**Input records**
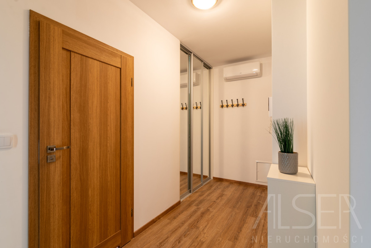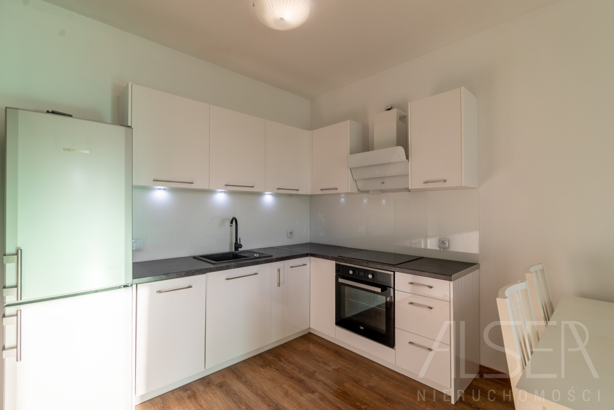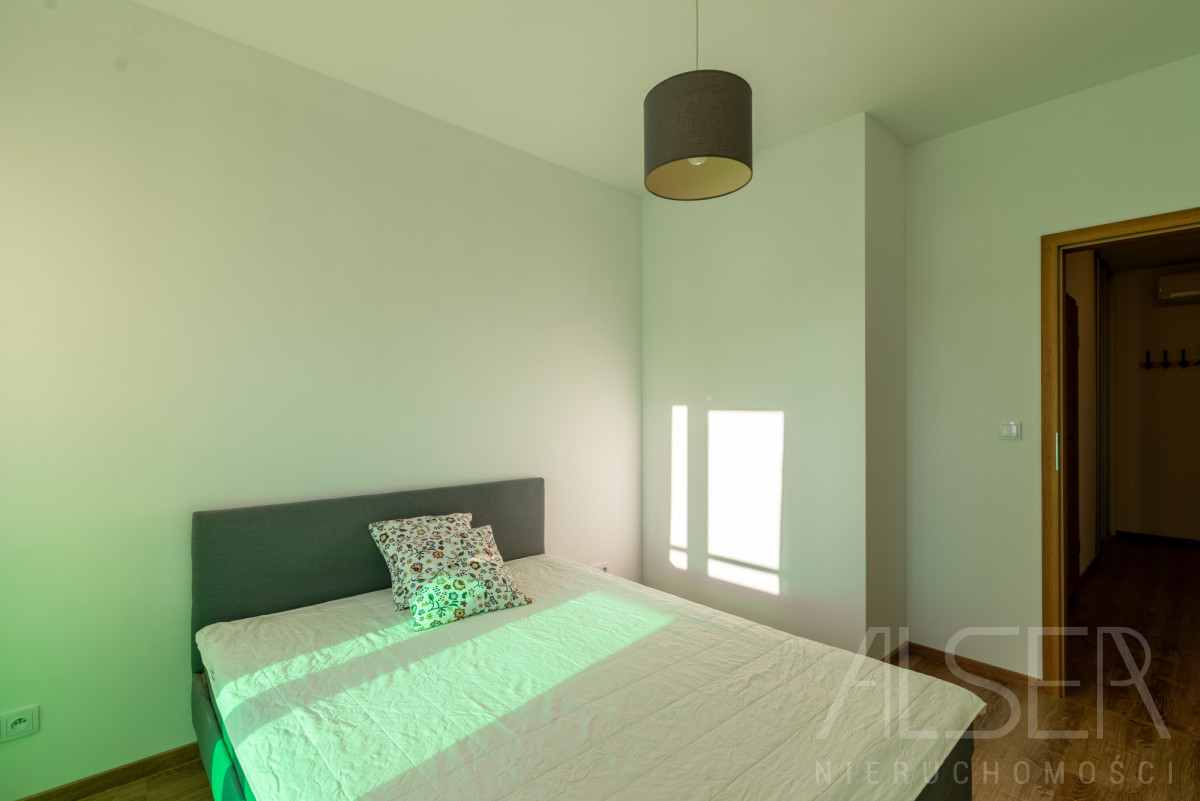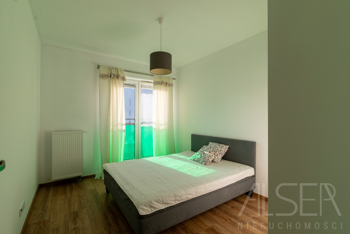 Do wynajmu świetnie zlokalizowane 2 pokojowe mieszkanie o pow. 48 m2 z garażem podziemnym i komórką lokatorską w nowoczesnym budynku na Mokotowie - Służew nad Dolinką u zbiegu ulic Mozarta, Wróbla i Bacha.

* * *

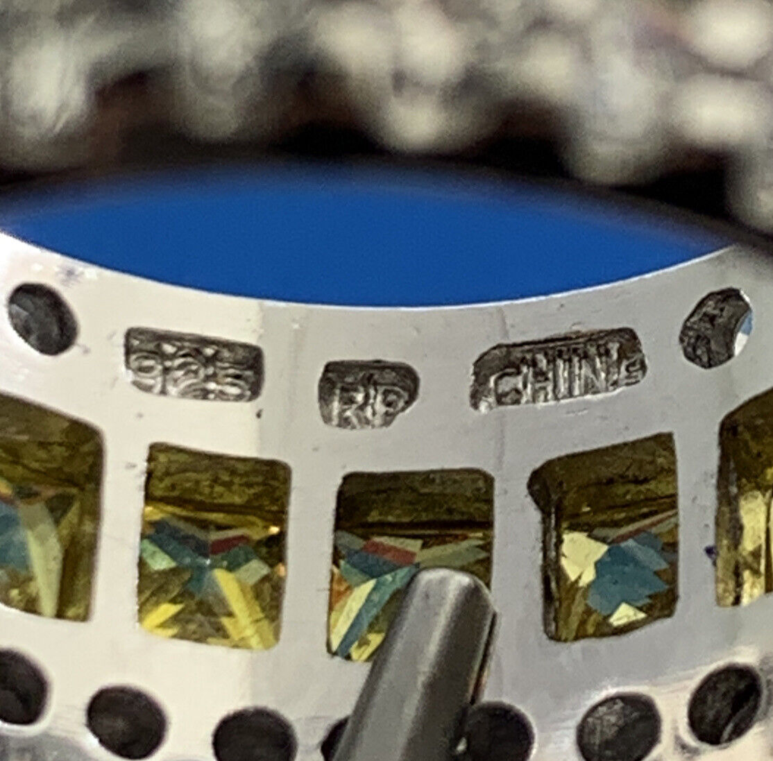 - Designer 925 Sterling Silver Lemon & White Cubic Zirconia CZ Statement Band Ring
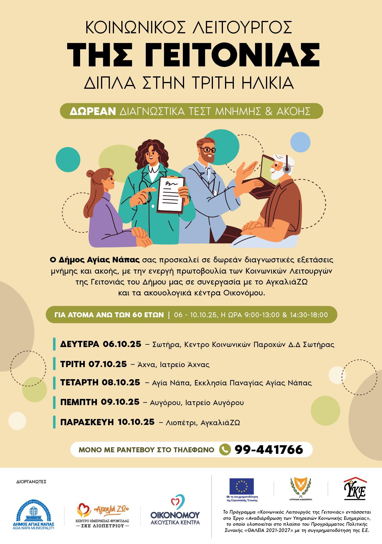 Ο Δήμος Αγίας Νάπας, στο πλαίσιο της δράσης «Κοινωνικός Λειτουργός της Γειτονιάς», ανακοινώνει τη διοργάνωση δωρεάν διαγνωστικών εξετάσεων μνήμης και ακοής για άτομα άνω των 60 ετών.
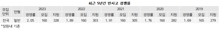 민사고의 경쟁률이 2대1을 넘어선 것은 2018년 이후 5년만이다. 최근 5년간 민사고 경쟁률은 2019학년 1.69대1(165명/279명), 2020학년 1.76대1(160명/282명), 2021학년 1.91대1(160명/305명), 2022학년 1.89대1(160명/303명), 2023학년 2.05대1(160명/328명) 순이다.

**Work instruction**
With pictures omitted, repeat the entries above word for word from the line holding "Ο Δήμος Αγίας" down to the line holding "민사고의 경쟁률이 2대1을", keeping both of those lines.

**Worked solution**
 Ο Δήμος Αγίας Νάπας, στο πλαίσιο της δράσης «Κοινωνικός Λειτουργός της Γειτονιάς», ανακοινώνει τη διοργάνωση δωρεάν διαγνωστικών εξετάσεων μνήμης και ακοής για άτομα άνω των 60 ετών.
 민사고의 경쟁률이 2대1을 넘어선 것은 2018년 이후 5년만이다. 최근 5년간 민사고 경쟁률은 2019학년 1.69대1(165명/279명), 2020학년 1.76대1(160명/282명), 2021학년 1.91대1(160명/305명), 2022학년 1.89대1(160명/303명), 2023학년 2.05대1(160명/328명) 순이다.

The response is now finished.